SARSA¶

genrl.agents.classical.sarsa.sarsa module¶

class genrl.agents.classical.sarsa.sarsa.SARSA(env: gym.core.Env, epsilon: float = 0.9, lmbda: float = 0.9, gamma: float = 0.95, lr: float = 0.01)[source]¶

Bases: object

SARSA Algorithm.

Paper- http://citeseerx.ist.psu.edu/viewdoc/download?doi=10.1.1.17.2539&rep=rep1&type=pdf

env¶

Environment with which agent interacts.

Type:	gym.Env

epsilon¶

exploration coefficient for epsilon-greedy exploration.

Type:	float, optional

gamma¶

discount factor.

Type:	float, optional

lr¶

learning rate for optimizer.

Type:	float, optional

get_action(state: numpy.ndarray, explore: bool = True) → numpy.ndarray[source]¶

Epsilon greedy selection of epsilon in the explore phase.
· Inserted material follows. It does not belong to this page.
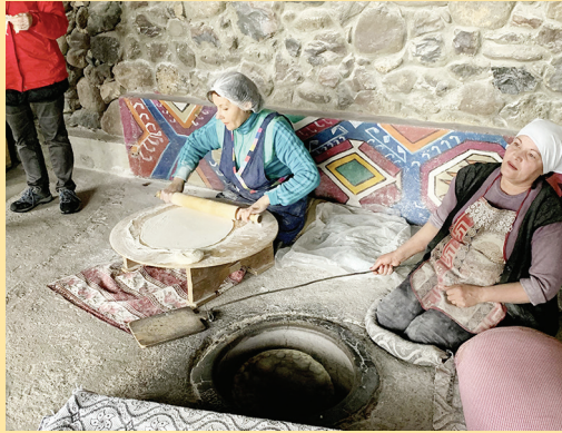
Brotbacken auf Armenisch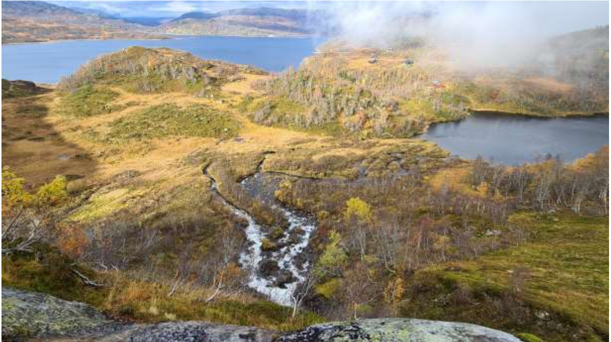
I) Flaumsletta ved Lomatjørn frå sør-aust (mykje større enn avmerka område på aktsemdskart, vedl. 3)

Parameters:	state (np.ndarray) – Environment state. explore (bool, optional) – True if exploration is required. False if not.
Returns:	action.
Return type:	np.ndarray

update(transition: Tuple) → None[source]¶

Update the Q table and e values

Parameters:	transition (Tuple) – transition 4-tuple used to update Q-table. In the form (state, action, reward, next_state)